Dinesh: Fuck Danny. I mean, I love my Tesla. It has Insane Mode, which means it goes zero to 60 in 3.2 seconds, which is literally insane. But the Tesla that Danny ordered has Ludicrous Mode, which means it goes zero to 60 in 2.8 seconds. So it's gonna take me an entire 0.4 seconds longer to get to 60. I mean, how would you feel if one of your neighbors got a tiki head bigger than yours?
Bighead: Oh, well, when we bought it, we made sure it was the biggest one they made, so.

Dinesh: I used to be the Tesla guy in the office.
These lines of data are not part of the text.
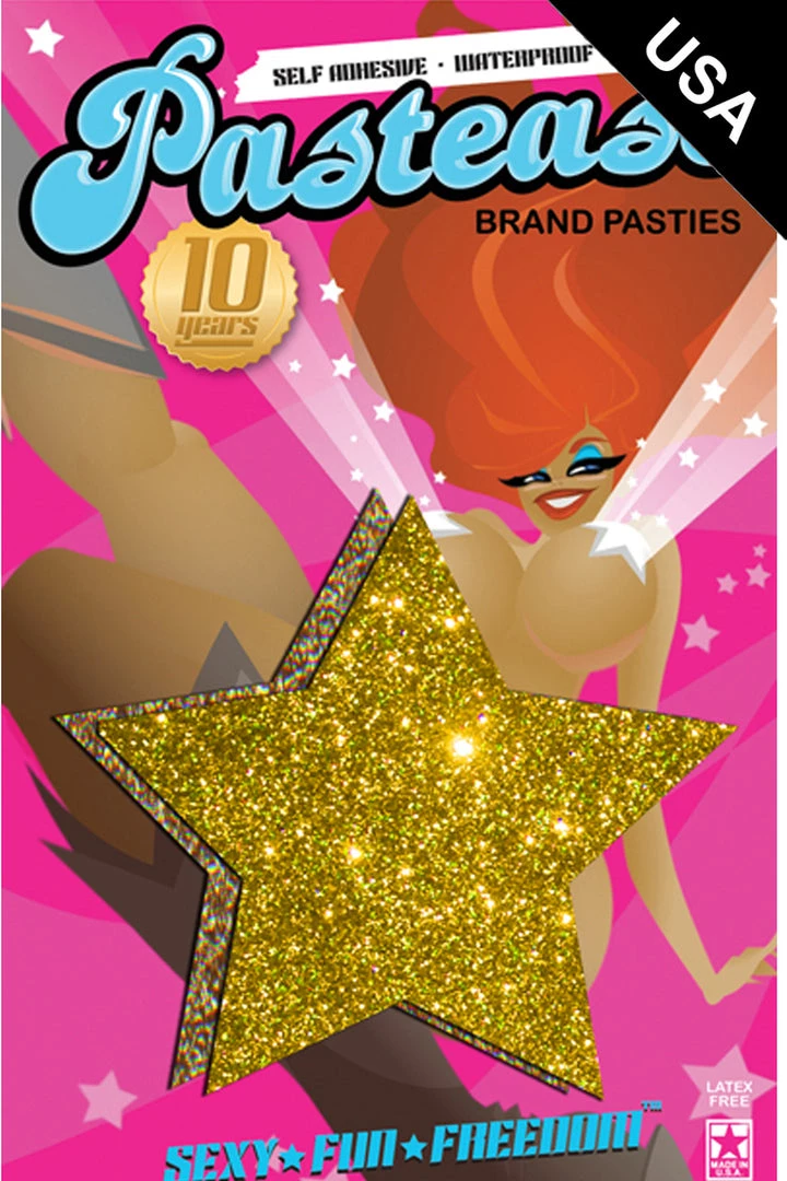 Rock out with these Gold Glitter Star Nipple Pasties that feature a durable no-mess glitter pleather material that forms to curves and resists wrinkling over hardening nipples.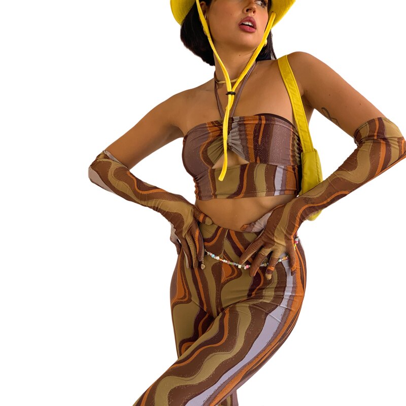 Yiallen Fashion Mesh Two Piece Set Women Lace Up Halter Slash-neck Hole Skinny Vest+Elegant Patchwork Striped Sleeve Guard Hot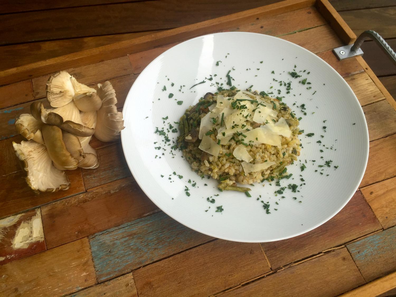 Zoberieme panvicu a na olivovom oleji opražíme nakrájanú mladú cibuľku. Následne pridáme na panvicu najemno nakrájanú hlivu ústricovú, ružičkový kel, brokolicu a mrkvu (môže byť aj postrúhaná). Zeleninu podusíme približne 30 minút tak aby bola chrumkavá, nie rozvarená. Jemne ju posolíme a pridáme pretlačení cesnak. Nakoniec primiešame sójovú smotany a uvarenú ryžu. Všetko spolu premiešame. Na tanieri ozdobíme parmezánom, posekanou pažitkou a petržlenovou vňaťou.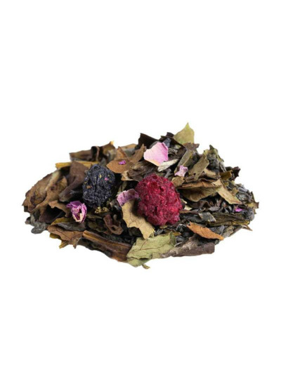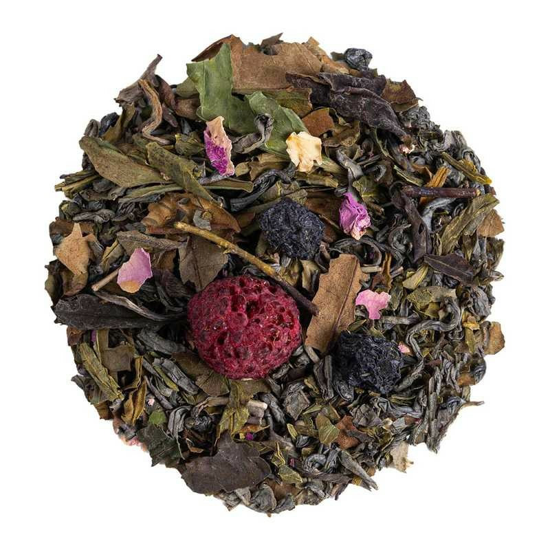 Thé vert China Chun Mee, thé blanc Pai Mu Tan, thé vert China Sencha, arôme naturel, pétales de rose (2%), framboise (2%), aronia, cassis (1%). Mélange premium élaboré avec des ingrédients issus de l'agriculture durable et des arômes naturels.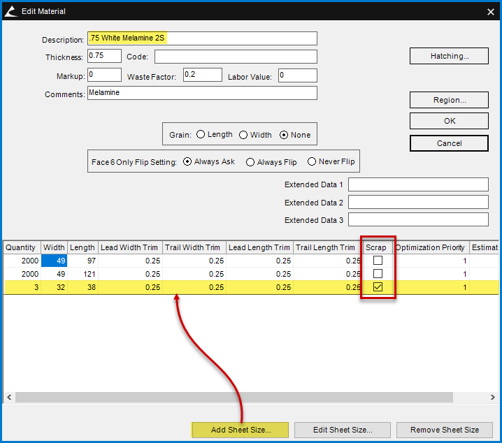 Fig. 07 – Added Scrap Sheet Size for a Material.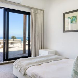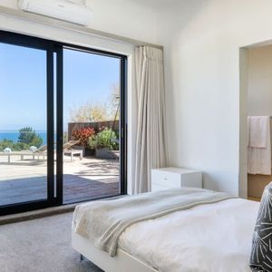 The lounge has a modern large screen TV and big comfy couches to relax in. A pebble fireplace makes it an ideal space for those cold winter nights. All three bedrooms are sea-facing, two bedrooms are located downstairs (one of which has an en-suite bathroom) and the master bedroom is located on the upper level (also with en-suite bathroom). The outdoor area has a large private deck that is ideal for those that love entertaining and is the perfect sundowner spot.

I maxed out my credit cards to be able to afford that thing. And now that we're getting series B, any one of these bourgeois new money millennial fucks can just go out and buy one. I don't wanna sound selfish, but sometimes I wish only I made money. You know?

Gilfoyle: Why do people covet the silly pieces of green cotton paper in their wallets? It's because we are all sheep. And we've mutually agreed to endow certain things with value.

Gilfoyle: There are very few things that I will defend with true passion: medical marijuana, the biblical Satan as a metaphor for rebellion against tyranny, and mother fucking Goddamn cryptocurrency.
Richard: Mmm.
Gilfoyle: I have a PowerPoint that I've been wanting to show you for some time.

Gavin: Walk me through this. We can't make our boxes in China because Yao has threatened every manufacturer in the country. We can't afford Bangladesh, because the workers have unionized. And we can't use our place in Laos, because one person gets her scalp ripped off and suddenly, everyone's screaming regulations. You know, you hear a lot of chatter about the growth of the global economy, but no one wants to talk about the downside.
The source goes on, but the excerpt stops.